The only ones who will gain, apart from the software editors, are all those who sell wind for free. Advertisers, influencers and other elected officials whose sole aim is to exist in public space by making more noise than the others. The reduction of costs will make them increase their production on an industrial scale. (Also works with some managers.)
Last group, all those who are called upon for the quality and validity of their work. The only useful AI in this context are those which provide reliable results, therefore correct methods (which have existed for a while now and which only answer very specific questions).
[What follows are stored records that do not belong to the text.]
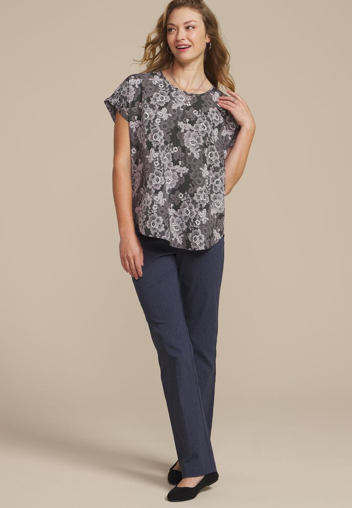 Delton Floral Lace Print Zipper Back Blouse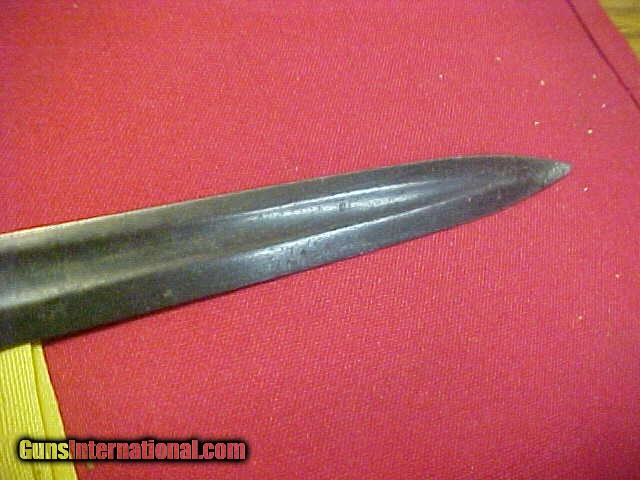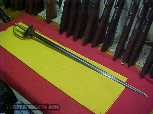 Description: #0948 Horstman & Sons, Philadelphia Model 1860 non-Commissioned Officers sword, standard military issued sword with the solid brass handle. As sometimes encountered, this one has had one of the two hand guard sides bent down which made this sword much easier when carried in post-Civil War parades and similar situations. This sword is missing its leather sheathb and the blade does have some minor mottled staining, but with the forementioned guard, these are the only deficits to this otherwise very collectable Civil War edged weapon. About VG as described. $220 SOLD |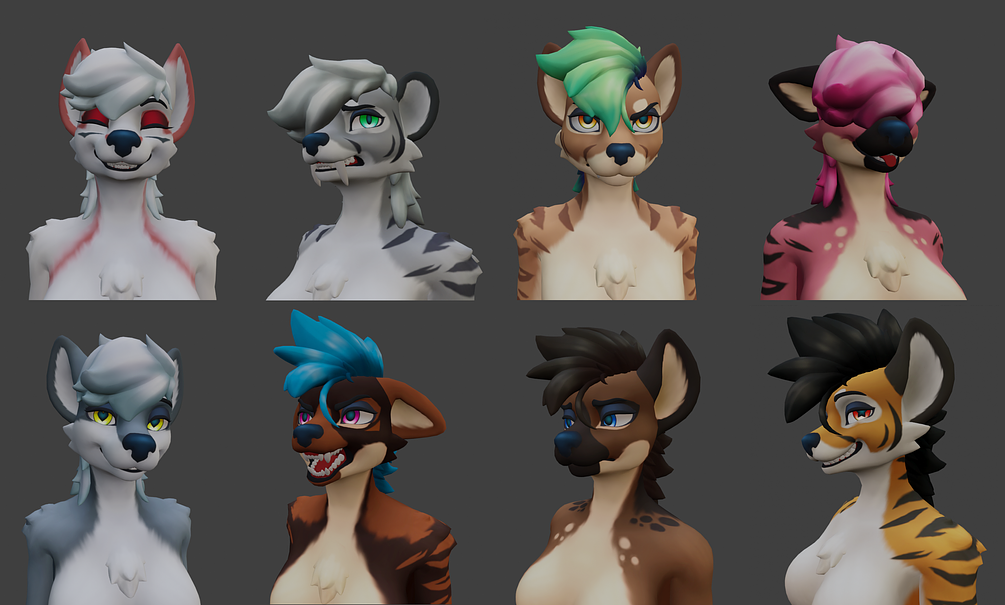 The Hyenid Model (Blend, FBX), Textures (PNG, PSD, SPP) and a preconfigured unity package for VRChat. 72k Polys with all accessories, below 70k Polys for the quest version.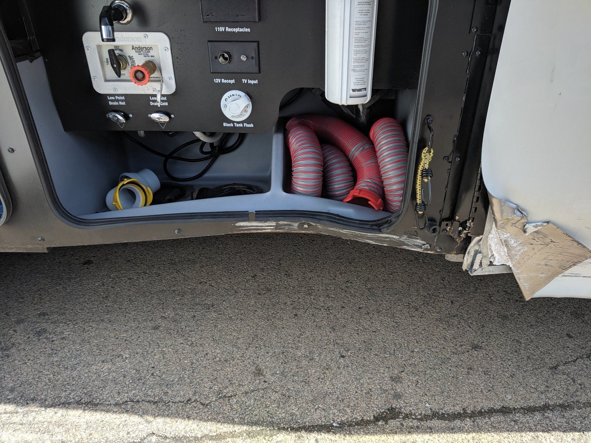 This poor guy couldn't avoid debris off another truck. It took out his front bra, his leveling jack, and eventually his tag tire, which then took out the wheel skirt, compartment door, battery tray, house batteries, and even the washer/dryer.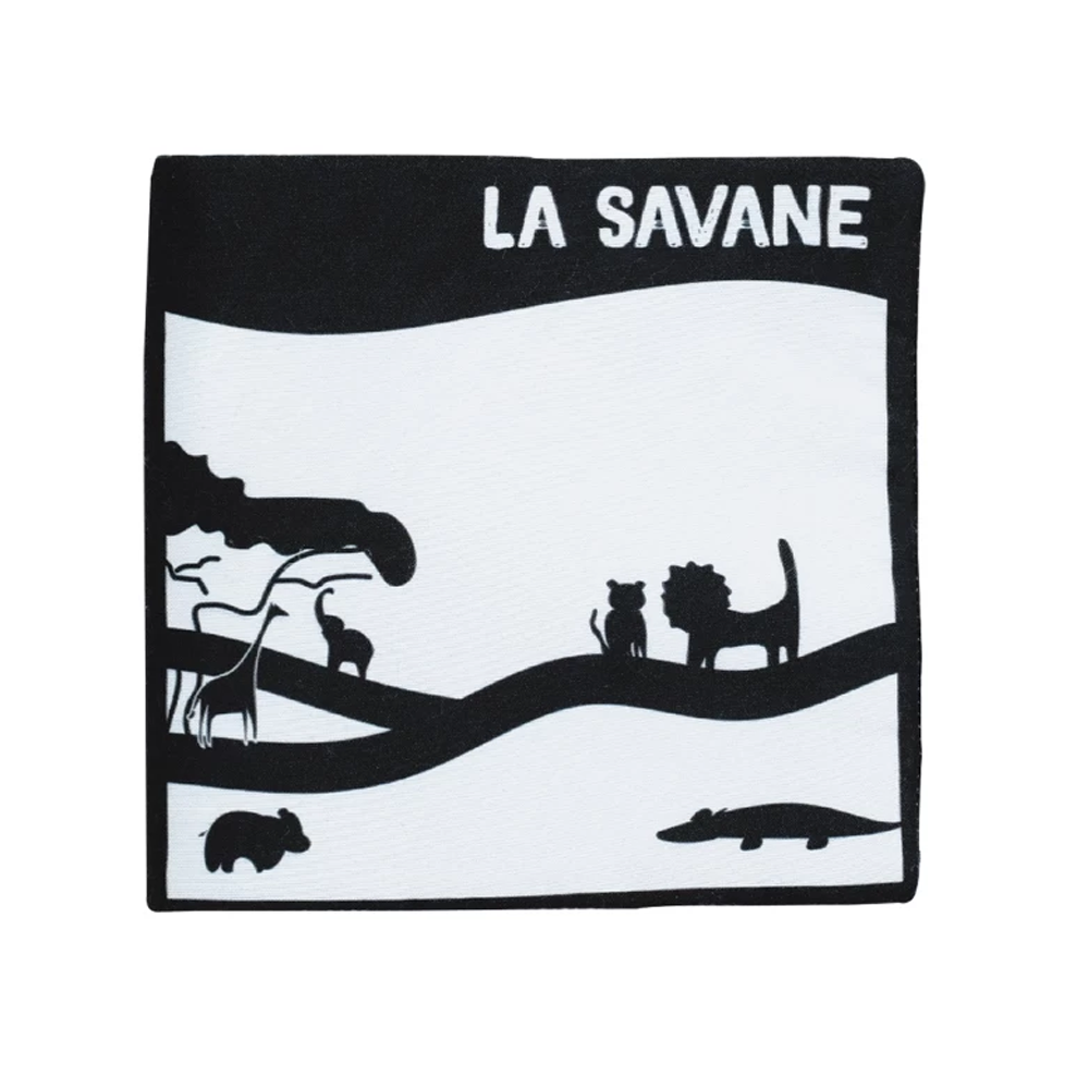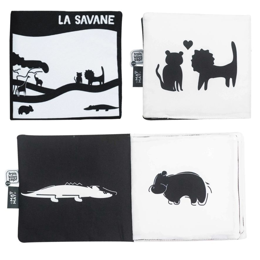 Βιβλίο δραστηριότητας από την εταιρεία Trois Kilos Sept με ζωάκια στο σχέδιο. Είναι υφασμάτινο κατασκευασμένο από 100% πολυεστέρα. Είναι διπλής όψης. Έχει ασπρόμαυρες εικονογραφήσεις με έντονες αντιθέσεις. Το μωρό θα εξερευνήσει τη σαβάνα και θα γνωρίσει τους αξιαγάπητους χαρακτήρες. Την Ιππολύτα τον ιπποπόταμο, τον Φιλ τον κροκόδειλο και τον Λίνο το λιοντάρι. Αυτό το βιβλίο είναι ιδανικό για την τόνωση της όρασης των μωρού. Τα ενθαρρύνει να παραμένουν περισσότερο μπρούμυτα με τις διασκεδαστικές δραστηριότητες και τον μοναδικό του σχεδιασμό. Προσφέρει πλούσια αισθητηριακή διέγερση στα μικρά μωρά. Ιδανικό για αφήγηση ιστοριών και ανάπτυξη γλώσσας. Εύκολο να διπλωθεί ώστε να το πάρετε παντού. Κατάλληλο από την πρώτη μέρα γέννησης. Συνδυάστε το με τα υπόλοιπα είδη της σειράς για ένα ολοκληρωμένο αποτέλεσμα.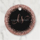 Glam Rosa Gold Purpurina Elegant Monogram Favor Tags Fácilmente personaliza este diseño de moda de etiquetas de moda con elegantes purpurinas con destello de oro rosa sobre un fondo negro. El diseño incluye su monograma manuscrito con remolques de bonito y su nombre.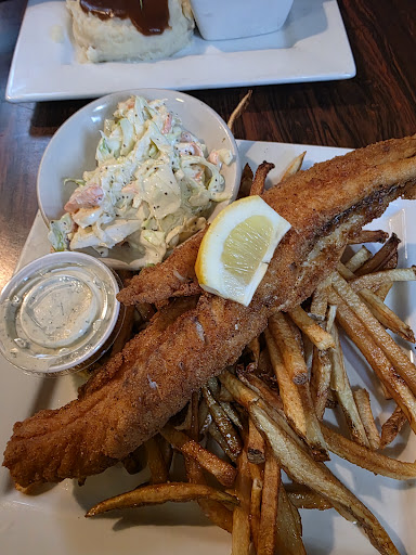 Very lovely waitress polite, fast service, and attentive. Food was very good. Deep fried cheese curds were a delight but very small portion for the price, Green beans were garlic forward, mashed potatoes and gravy wonderful, stake was under cooked but still delicious, fish cooked to perfection tarter sauce had a heavy hand on the dill weed and fries were good. Salad was amazingly fresh and the cucumbers tasted like they were garden fresh. All and all a wonderful meal. A bit cold inside but appreciate the great...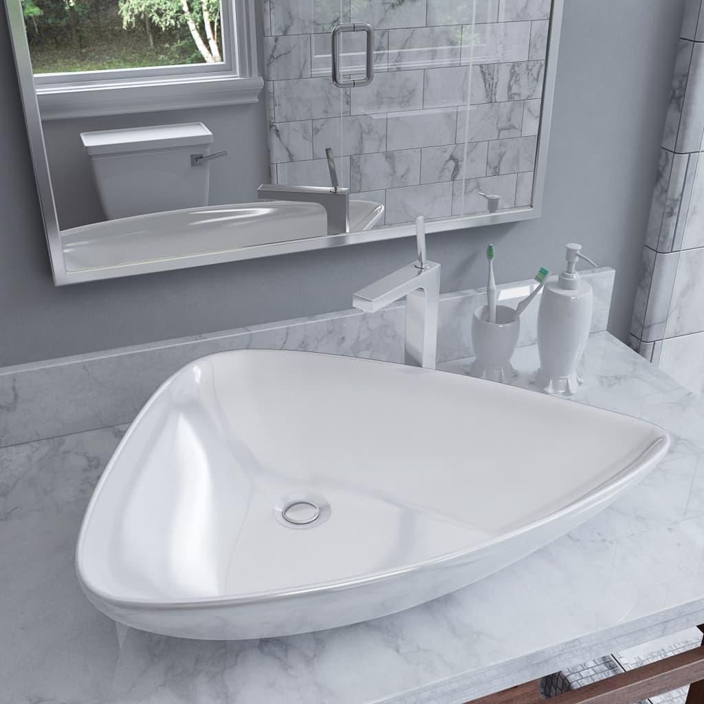 Ce lavabo en ceramique sera un supplement ideal a toute salle de bain, toilette ou vestiaire. Sa surface vitree lui donne un aspect moderne et elegant. L'evier en ceramique est pratique pour une utilisation quotidienne. Il est facile a nettoyer. Veuillez noter que le robinet et le drain ne sont pas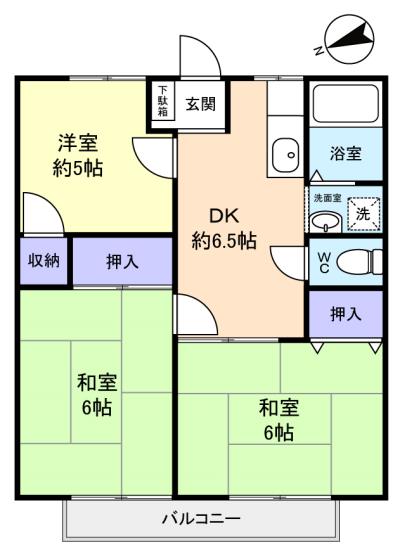 - 洋室(5畳),和室(6畳),和室(6畳),DK(6.5畳)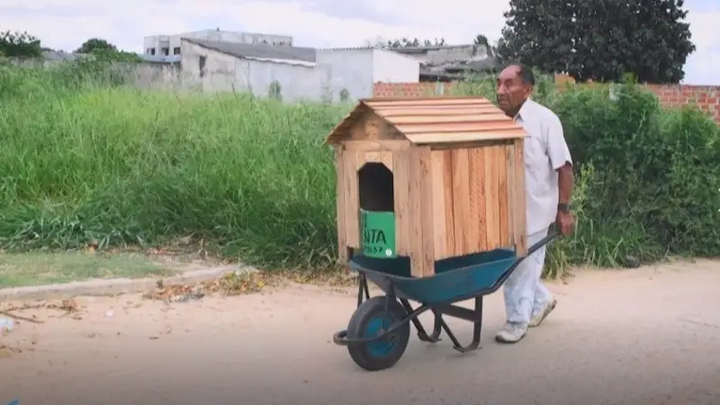 Don con Jaime Barral, un hombre de 78 años, que se dedica a la construcción de casas para perros, con madera de pino reciclado. Este emprendedor, todos los días sale a vender las casas en una carretilla, que tiene que arrastrar durante largas horas, sin embargo, por su edad y su diabetes, a veces no puede lograrlo, es por eso que pide ayuda a las personas de buen corazón para que puedan donarle un ‘motochata’, para continuar trabajando y llevar el sustento a su familia.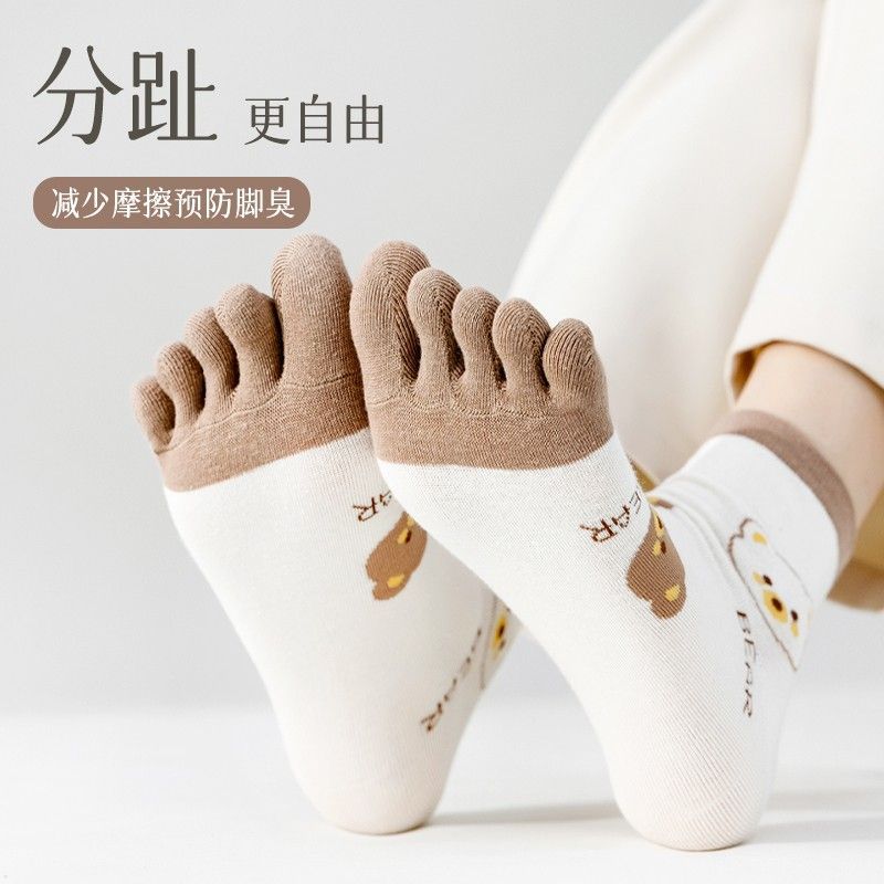 | [4 pairs of cotton] cartoon bear toe socks-4 pack(【纯棉4双】卡通款小熊五指袜-组合4) | USD $3.6 | 999999 piece available |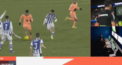 裁判回看VAR后认定奥尔莫确实对久保建英犯规在先,因此进球被判无效。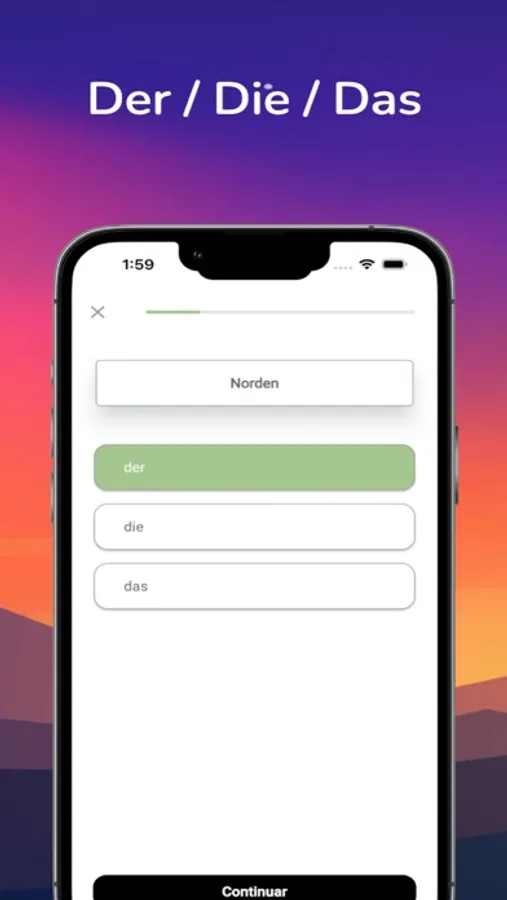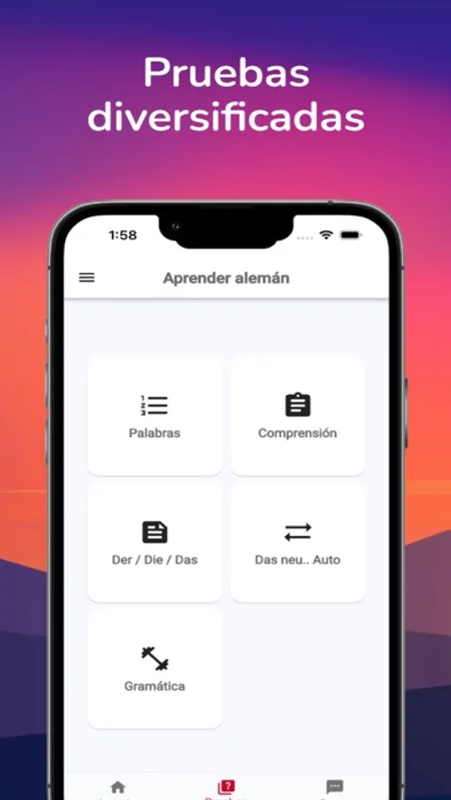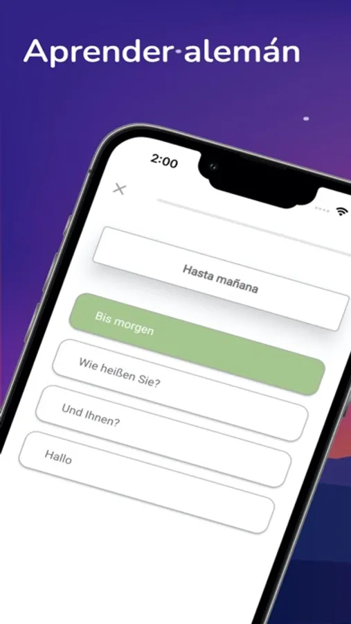 - Pruebas diarias de gramática, vocabulario y conversación alemana. Aprenderá gradualmente y progresará con confianza a través de sus distintos niveles.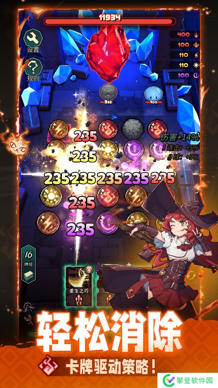 利用地城中取得的魔典构筑多样的卡牌战略。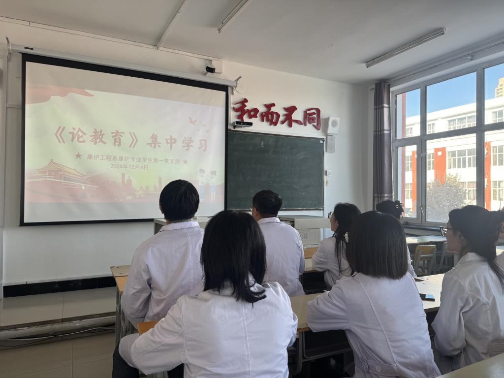 12月4日,康护工程系康护专业学生第一党支部组织开展了《论教育》集中学习会议,此次会议由党支部组织委员李安琪主持,深入学习贯彻习近平总书记关于教育的重要论述,推动支部党员深刻领悟教育的使命与担当,为培养新时代康护人才筑牢思想根基。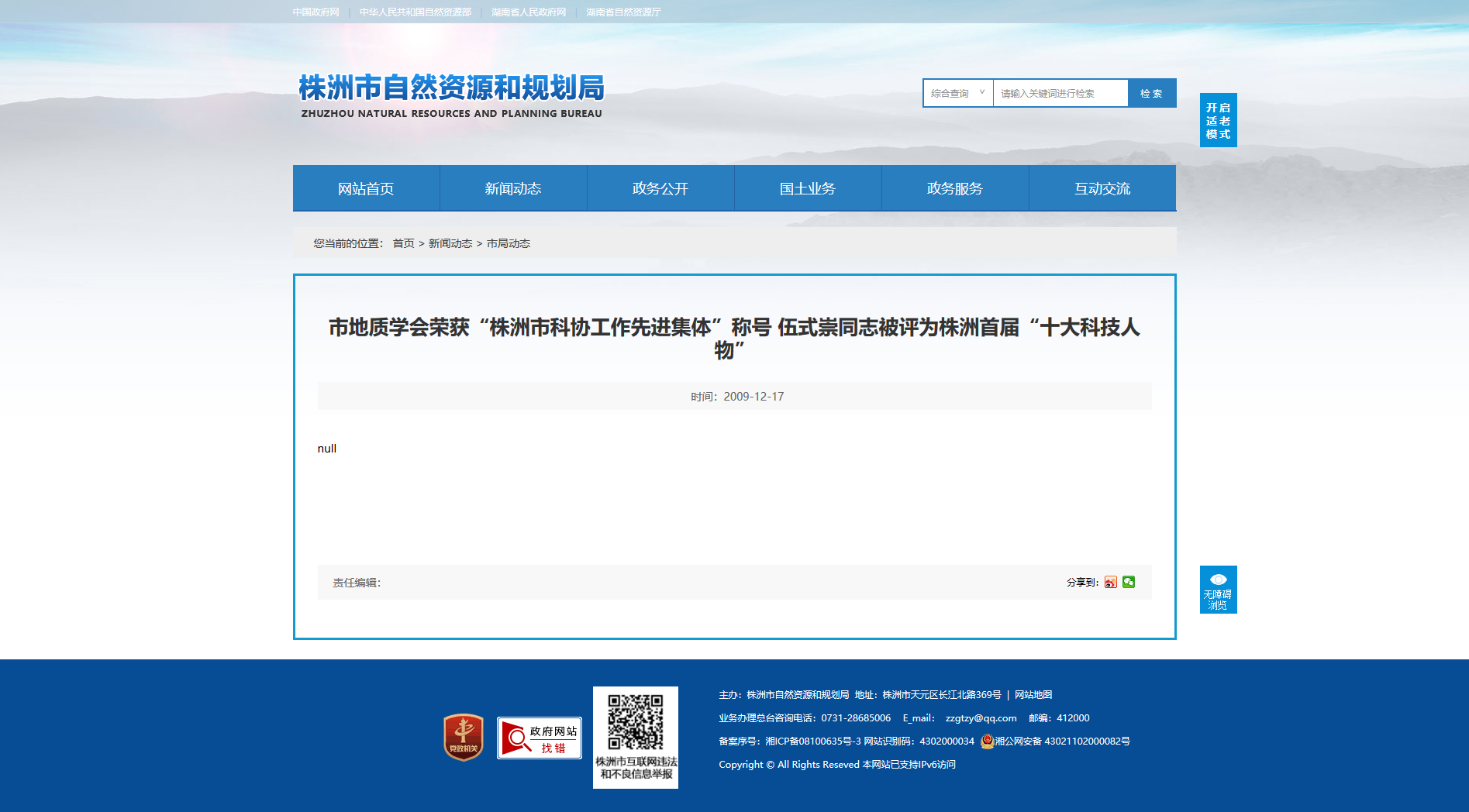 市地质学会荣获“株洲市科协工作先进集体”称号 伍式崇同志被评为株洲首届“十大科技人物”

Complete methods (by learning) will very rarely be useful because they require too much effort to train, to guide and finally, to validate (it would be like calling on a very bad trainee, after a day we understand that we would go faster alone).
Corollary, if you are the customer or consumer of all these productions: you understand that quality information has a production cost and above all, that these AIs can neither improve this information nor lower its cost. All they know is to put words together and hope you’re happy with them.
Of course you will always encounter charlatans providers
who will claim to be able to sell you the same quality service for next
to nothing by using revolutionary new AI. What will you get?
I’d like to answer: you got value for the money.
And otherwise ?
Finally, even if the previous questions are fascinating, the one I would really like to ask is not “can these AIs exist?” » but rather “why do you want them to exist?” »
I’d like to answer: “by misanthropy?!”